# [FREE] Kalthallen Cabs IRs Library [WAV/Nebula/Axe-FX]



## Kykv (Feb 16, 2012)

- Most realistic Nebula programs and impulse responses of guitar cabinets especially suited for heavy rhythm guitars
- All microphone positions captured in 44.1 kHz and 96 kHz
- All microphone positions captured with a tube power amp and a solid state power amp
- See pictures of the microphone placement

Kalthallen Cabs - Guitar cabinet IRs and Nebula programs
​


----------



## Hourglass1117 (Feb 18, 2012)

The sound demos sound good! Looking forward to seeing what I can do with these.


----------



## WidekMusic (Feb 18, 2012)

Thanks man! Pozdro i dzi&#281;ki za impulsy!


----------



## OhMyGoliath (Feb 18, 2012)

Awesome. Thanks.


----------



## Winspear (Feb 18, 2012)

Nice one, thanks!

And thanks for the reminder on Nebula. Happen to know how popular it is in the guitar cab scene? I've been very happy with Redwirez impulses, but Nebula did sound very interesting when I read about it a couple of years back. I just dont want to invest in it and barely have any options availale haha.

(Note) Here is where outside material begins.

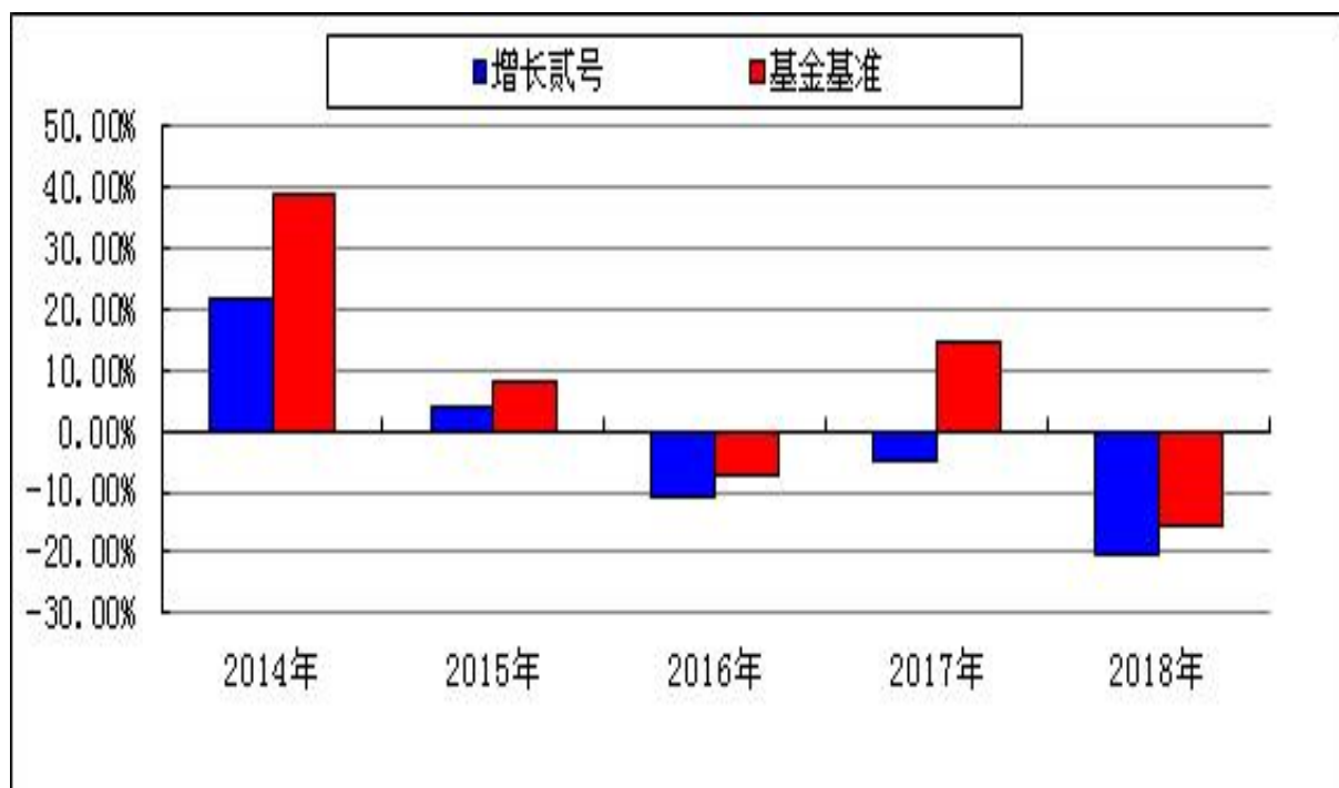
过去五年基金净值增长率与业绩比较基准收益率的对比图

I'll download your impulses later  How many cabs are in here?


----------



## KingAenarion (Feb 19, 2012)

44.1K and 96K, but no 48K?

King is sad


----------



## TGN (Feb 19, 2012)

Thanks for sharing. Will download and try them out.


----------



## Kykv (Feb 19, 2012)

These are not mine IRs  I just found it on guitarampmodelling and wanted to share a link for you because from audio samples they sound nice.


----------



## Purelojik (Feb 19, 2012)

can someone explain to me something? when i load up the 96K impulses they sound light years better than any others. and when i record they stay pretty much the same. why then would i really choose the others?


----------



## Winspear (Feb 19, 2012)

^ Good question. Using Redwirez which has a ton of sample rate folders, I always just went with the same as my project (48khz). Haven't considered using higher!

I've been reading a lot on running instruments and plugins in oversampling and the benefits that can have, but I can't figure out how that would apply to loading an impulse file.


----------



## Purelojik (Feb 19, 2012)

EtherealEntity said:


> ^ Good question. Using Redwirez which has a ton of sample rate folders, I always just went with the same as my project (48khz). Haven't considered using higher!
> 
> I've been reading a lot on running instruments and plugins in oversampling and the benefits that can have, but I can't figure out how that would apply to loading an impulse file.



the difference is night and day dude, give it a shot and lemee know what you think. im still trying to find a good explanation... the lower rates just sound harsh but the higher ones sound great.


----------



## Winspear (Feb 19, 2012)

You're right. I tried 96 against 48 and it's a lot smoother (I say a lot - rather, as much as one might expect when dealing with the finer areas of tweaking).

I guess this is similar to what I have been reading about plugins oversampling - that the impulse plugin simply works at the sample rate of the loaded impulse?


----------



## Winspear (Feb 19, 2012)

Opened it up at GS Convolution/Impulse sample rate/oversampling - Gearslutz.com


----------



## Purelojik (Feb 19, 2012)

EtherealEntity said:


> Opened it up at GS Convolution/Impulse sample rate/oversampling - Gearslutz.com



awesome! i bookmarked it. i'd sign up but honestly im tired of signing up to another forum/site/social networking/shizzle.


----------



## sh4z (Feb 20, 2012)

Sounds good! thanks for the heads up KykuPL- I might give these a whirl later


----------